When it comes to investigating phenomena at the nanometre scale, clusters are all the rage. These are minute particles, containing anything from tens of atoms to a few thousand, which exhibit size-dependent electrical, optical, catalytic and mechanical properties.

To study the behaviour of clusters, so-called 'nanoislands' — isolated clusters of nanometre dimensions on a supporting substrate — are often used. One approach is to form the clusters in a gas phase and then deposit them on the substrate. The trouble is getting the resulting nanoislands to stick. R. E. Palmer and colleagues have looked into the problem of pinning them down and have devised a system that involves smashing clusters of silver into a graphite substrate (J. Chem. Phys. 113, 7723–7727; 2000).
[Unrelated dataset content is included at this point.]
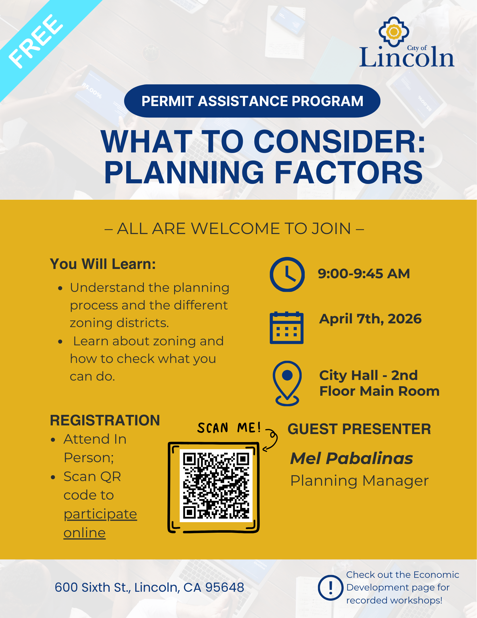 | Hybrid Workshop | April 7, 2026 | 9:00-9:45 AM | City Hall - 2nd Floor Main Room | What to Consider: Planning Factors | View Flyer | Recording: Coming Soon |

Palmer's group use a beam of charged and size-selected silver clusters, accelerated in an electric field and directed onto the graphite surface. The simulation snapshots shown here illustrate the process for a silver cluster containing 147 atoms. When accelerated in an electric field to an energy of 1,500 electron volts (a), the cluster simply flattens on impact without penetrating the graphite surface. But at 2,000 electron volts (b), the cluster disrupts the carbon lattice of the graphite, and silver atoms implant into the surface. The onset of pinning — defined as one or more carbon atoms being displaced from their lattice site — occurs between 1,625 and 1,750 electron volts.
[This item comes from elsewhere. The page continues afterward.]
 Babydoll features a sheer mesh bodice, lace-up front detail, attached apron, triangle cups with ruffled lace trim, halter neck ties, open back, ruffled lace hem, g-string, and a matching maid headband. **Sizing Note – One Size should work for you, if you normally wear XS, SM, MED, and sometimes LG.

Similar behaviour is observed with clusters of 50 to 200 atoms in both molecular dynamics simulations and experiments using scanning tunnelling microscopy. The pinning threshold increases linearly with cluster size, suggesting that the energy required to remove one carbon atom from the lattice is transferred in the initial elastic collision. Pinning through the creation of defects beneath the incident cluster is particularly effective in this system; whether the approach might be applied to creating practically useful nanostructures remains to be seen.